**EXERCISE AIM**
Beginning with the line containing "- THERMO-SPOT BREVETÉ" and ending with the line containing "二、多样的练习方式,包括单词", write out each line of the records below exactly; pictures and lines outside that range are left out.

[[ INPUT RECORDS, beginning ]]

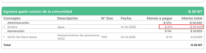Revisa el detalle de la boleta del gasto comun:
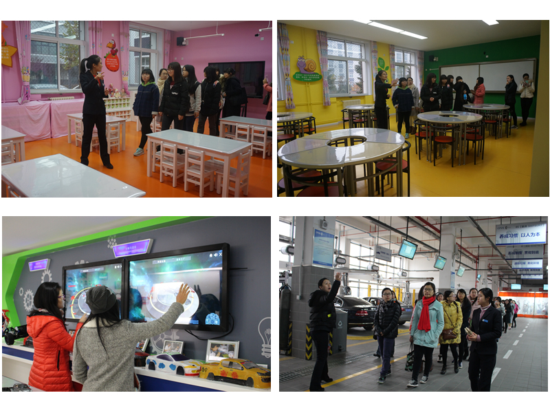 踏进校门,职业学校的“厚德、励学、自强、竞业”的校训吸引了同学们的注意,校园干净的环境、整齐的布局也让同学们留下了深刻的印象,体现了这所学校“把细节做成极致,把简单做出完美”的理念。同学们在昌平职业学校老师的引领下,先后参观了学校的校史馆、航空楼、综合实训楼、中德汽车教育文化交流中心、汽车科普体验中心以及学前楼,同学们赞叹于这些场所先进的教学设施和规范的教学管理。在学前楼,“塑幼师形象,修内在含韵”的理念,让同学们默默吟念,美工室、口语室、声乐室、保育室、舞蹈实训室、早教实训室、模拟教学实训室等教学场所,以其逼真现场融入感,也让同学们感慨阵阵。2012级学前教育专业的袁梦淼感慨道:“这是我感触最大的地方,每个职业都是需要丰富的实践经验来不断地使自己更加进步……知识的储备固然重要,但是没有在现实生活中进行论证,那么它们也不会是真理。”
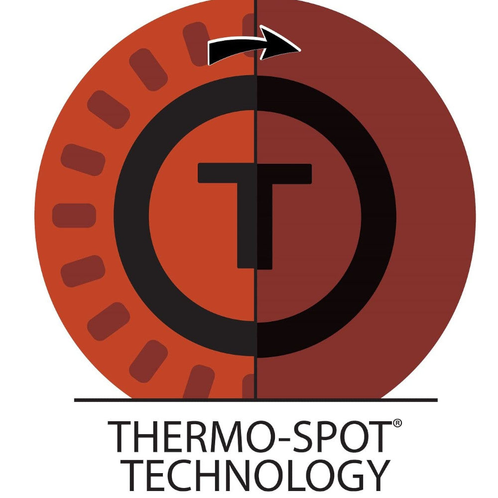 - THERMO-SPOT BREVETÉ : L'indicateur de chaleur breveté Thermo-Spot devient rouge fixe à la température idéale pour commencer la cuisson.
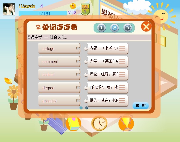 二、多样的练习方式,包括单词拼写、读音测试、连连看,趣味选择等,让您在一个轻松、愉快的氛围下学习单词。从不同方面进行巩固。
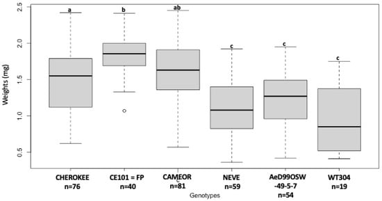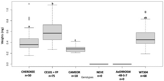 Significant differences were found in the larval weight of A. pisum alfalfa biotype (LSR1 clone) reared on the different Pisum genotypes (Figure 2). No surviving nymph was observed on two P. sativum genotypes (NEVE and AeD99OSW- 49-5-7), and the lowest larval body mass was observed on P. sativum genotype CAMEOR (0.32 ± 0.09 mg). The nymph with the highest body mass was observed on CE101 = FP genotype (0.59 ± 0.18 mg) while CHEROKEE (0.49 ± 0.18 mg) and the P. fulvum genotype WT304 (0.49 ± 0.18 mg) displayed similar intermediate body mass.
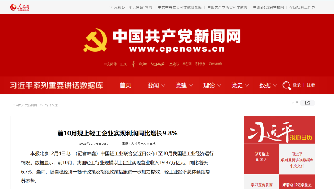 12月5日,《人民日报》要闻版以《前10月规上轻工企业实现利润同比增长9.8%》为题,深入报道今年前10月国内轻工持续恢复向好的经济运行态势。文章指出,前10月,我国 规模以上企业实现营业收入19.37万亿元,同比增长6.7%。

[[ INPUT RECORDS, end ]]

**COMPLETED EXERCISE**
 - THERMO-SPOT BREVETÉ : L'indicateur de chaleur breveté Thermo-Spot devient rouge fixe à la température idéale pour commencer la cuisson.
 二、多样的练习方式,包括单词拼写、读音测试、连连看,趣味选择等,让您在一个轻松、愉快的氛围下学习单词。从不同方面进行巩固。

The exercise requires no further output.